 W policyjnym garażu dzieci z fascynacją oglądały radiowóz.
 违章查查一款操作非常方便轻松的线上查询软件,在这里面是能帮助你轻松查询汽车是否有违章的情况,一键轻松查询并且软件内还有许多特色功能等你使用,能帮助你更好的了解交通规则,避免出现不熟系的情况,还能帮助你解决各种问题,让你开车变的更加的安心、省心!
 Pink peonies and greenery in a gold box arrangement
★ ★ ★ ★ ★ ★ ★
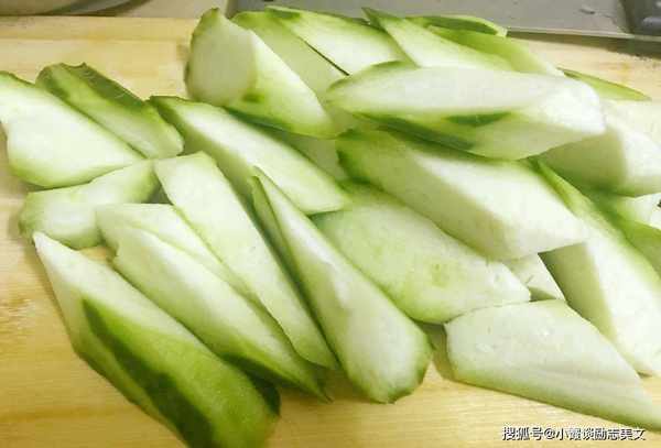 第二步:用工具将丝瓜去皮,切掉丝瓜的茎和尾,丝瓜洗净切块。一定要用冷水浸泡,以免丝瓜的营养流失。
★ ★ ★ ★ ★ ★ ★
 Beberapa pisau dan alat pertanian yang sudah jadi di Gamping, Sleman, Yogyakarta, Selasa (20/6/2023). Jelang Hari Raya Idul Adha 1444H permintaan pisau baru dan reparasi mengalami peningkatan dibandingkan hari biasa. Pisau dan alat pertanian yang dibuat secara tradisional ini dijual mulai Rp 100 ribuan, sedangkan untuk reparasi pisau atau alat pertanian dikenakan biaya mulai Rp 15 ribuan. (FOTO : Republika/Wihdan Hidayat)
★ ★ ★ ★ ★ ★ ★
__REQUIRED WORK__
Starting at the line that has "违章查查一款操作非常方便轻松" in the records above, restate word for word every line until the one that has "Pink peonies and", and include that one as well.

__WRITTEN SOLUTION__
 违章查查一款操作非常方便轻松的线上查询软件,在这里面是能帮助你轻松查询汽车是否有违章的情况,一键轻松查询并且软件内还有许多特色功能等你使用,能帮助你更好的了解交通规则,避免出现不熟系的情况,还能帮助你解决各种问题,让你开车变的更加的安心、省心!
 Pink peonies and greenery in a gold box arrangement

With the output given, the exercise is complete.